Referring to FIG. 3, activity diffusion weights 1, 2, 3 and 4 are sent in corresponding activity diffusion messages to an inactive sensor node in the next layer (i.e., a sensor node that is one hop closer to the sink node). When the sensor node in the next layer receives the activity diffusion messages, it accumulates the activity diffusion weights that are included in the activity diffusion messages. The accumulated activity diffusion weights are used to determine activity diffusion metrics of the senor node. In this example, the activity diffusion metrics only include the accumulated activity diffusion weights. When the sensor node's activity diffusion metrics are greater than a threshold, it will become an aggregation candidate node.

When a sensor node in the previous layer finishes its data aggregation (i.e., its aggregation interval is almost reached), the sensor node selects its neighbor from the aggregation candidate nodes in the next layer. The higher the activity diffusion metrics an aggregation candidate node has, the higher the probability it will be chosen. The sensor node in the previous layer may determine which sensor nodes are aggregation candidate nodes and their corresponding activity diffusion metrics by sending a probe message to its next layer neighbors. In response to the probe message, the neighboring nodes send their current activity diffusion metrics. Here it is assumed that each node maintains a set of neighbor node addresses by exchanging address information with its neighbors. An example of aggregation-driven topology formation is described below with reference to FIG. 4.

FIG. 4 illustrates aggregation-driven topology formation according to an exemplary embodiment of the present invention.

Referring to FIG. 4, sensor nodes N₁, N₂ and N₃ and sensor nodes K₁, K₂, K₃, K₄ and K₅ are shown. Here, sensor nodes N₁, N₂ and N₃ spread activity diffusion messages to sensor nodes K₁, K₂, K₃, K₄ and K₅ while performing data aggregation. The activity diffusion messages from sensor nodes N₁, N₂ and N₃ have the activity diffusion weights of f(N₁), f(N₂) and f(N₃), respectively. More specifically, sensor node N₁ sends an activity diffusion message with an activity diffusion weight of f(N₁) to its neighbor sensor nodes K₁, K₂, and K₃, sensor node N₂ sends an activity diffusion message with an activity diffusion weight of f(N₂) to its neighbor sensor nodes K₂, K₃, and K₄, and sensor node N₃ sends an activity diffusion message with an activity diffusion weight of f(N₃) to its neighbor sensor nodes K₃, K₄, and K₅. Each sensor node of the sensor nodes K₁, K₂, K₃, K₄ and K₅ in the next layer receives the activity diffusion messages and accumulates the activity diffusion weights to determine its activity diffusion metrics. After the activity diffusion weights are accumulated, sensor node K₁ has activity diffusion metrics with an accumulated activity diffusion weight of f(N₁), sensor node K₂ has activity diffusion metrics with an accumulated activity diffusion weight of f(N₁)+f(N₂), sensor node K₃ has activity diffusion metrics with an accumulated activity diffusion weight of f(N₁)+f(N₂)+f(N₃), sensor node K₄ has activity diffusion metrics with an accumulated activity diffusion weight of f(N₂)+f(N₃), and sensor node K₅ has activity diffusion metrics with an accumulated activity diffusion weight of f(N₃).

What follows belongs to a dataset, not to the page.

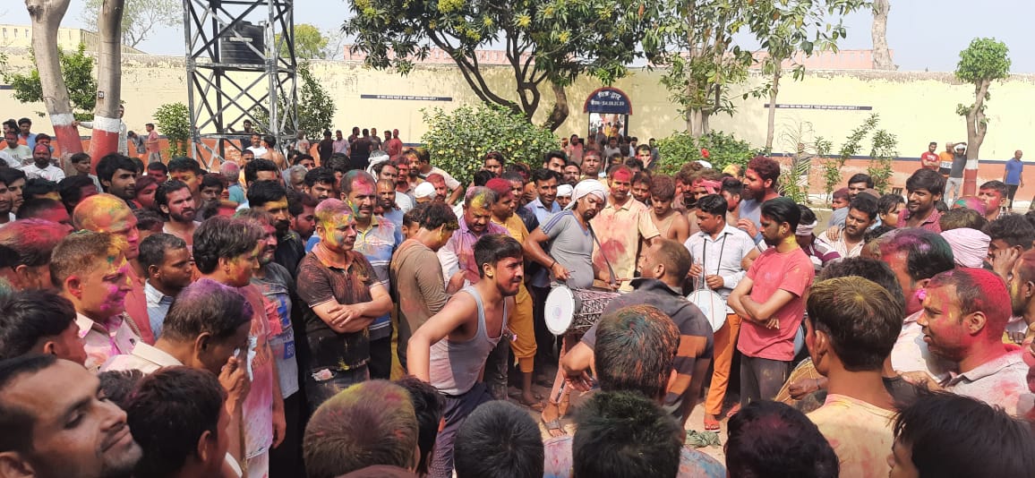 बुलंदशहर(हि.स.)। जिला कारागार में कैदियों ने भी होली का त्योहार बड़े धूमधाम से मनाया गया। सभी बंदियों के साथ कारागार के कर्मचारी गाजे-बाजे के साथ होली के गीत गाते, नृत्य करते हुए होली के रंगों में सराबोर नजर आए।
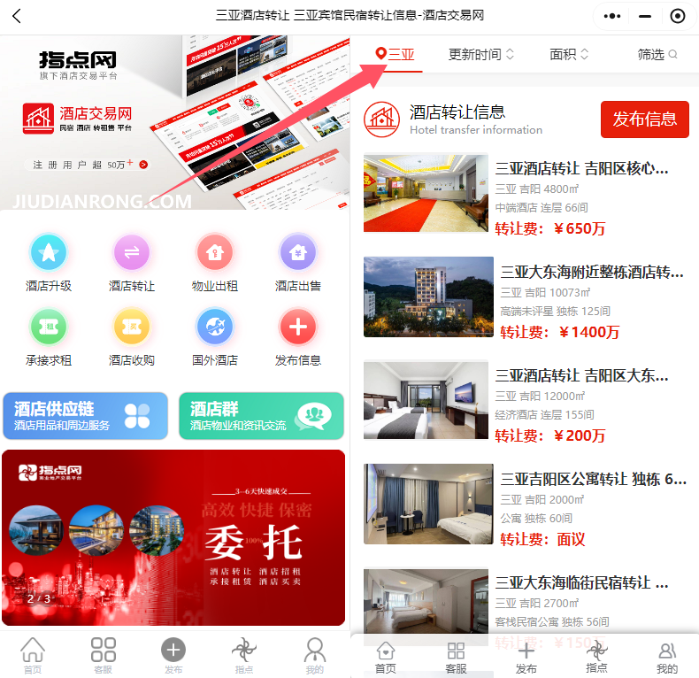 近期,國內(nèi)最大的酒店轉(zhuǎn)讓平臺(tái)指點(diǎn)網(wǎng)發(fā)布了一則關(guān)于三亞酒店轉(zhuǎn)讓的消息。據(jù)悉,此次轉(zhuǎn)讓涉及的酒店均位于海南省三亞市吉陽區(qū),包括中端酒店、高端未評(píng)星酒店、經(jīng)濟(jì)酒店以及客棧民宿公寓等多種類型,房間數(shù)量從56間到125間不等,轉(zhuǎn)讓費(fèi)用也從無轉(zhuǎn)讓費(fèi)到1400萬元不等。

When sensor node N₁, N₂, or N₃ finishes data aggregation and is ready to send its aggregated data, it chooses the neighbor (next-hop) node with the highest activity diffusion metrics. In this case, assuming that each of the activity diffusion messages f(N₁), f(N₂) and f(N₃) are not negative, sensor node K₃ has the highest activity diffusion metrics with an accumulated activity diffusion weight of f(N₁)+f(N₂)+f(N₃). By choosing sensor node K₃, spatial aggregation (meet at the same place) is achieved.

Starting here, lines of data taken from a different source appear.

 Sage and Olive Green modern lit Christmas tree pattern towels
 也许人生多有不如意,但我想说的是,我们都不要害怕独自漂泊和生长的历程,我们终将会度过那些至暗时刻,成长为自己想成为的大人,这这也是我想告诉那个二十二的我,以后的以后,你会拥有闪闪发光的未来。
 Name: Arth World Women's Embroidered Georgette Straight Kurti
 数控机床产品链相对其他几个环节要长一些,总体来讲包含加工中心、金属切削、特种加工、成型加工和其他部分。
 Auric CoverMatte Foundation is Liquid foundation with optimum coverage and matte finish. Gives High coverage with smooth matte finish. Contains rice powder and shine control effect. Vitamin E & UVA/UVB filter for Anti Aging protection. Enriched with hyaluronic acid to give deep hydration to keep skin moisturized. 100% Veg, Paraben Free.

The activity diffusion weight sent by a node in an activity diffusion message may be based on any number of the same or different criteria. For example, the activity diffusion weight may be based on at least one of node aggregation history and path history of the aggregated data received by the node. Here, the activity diffusion weight sent by a sensor node, for aggregated data it received, may correspond to at least one of an amount of the aggregated data's aggregation history (e.g., the number of previous nodes from which aggregated data of those nodes are included) and a length of the aggregated data's path history (e.g., the number of hops the aggregated data has passed through). In this example, the activity diffusion weight sent out by the sensor node is larger if the amount of aggregation history is greater and/or the length of the path history is longer.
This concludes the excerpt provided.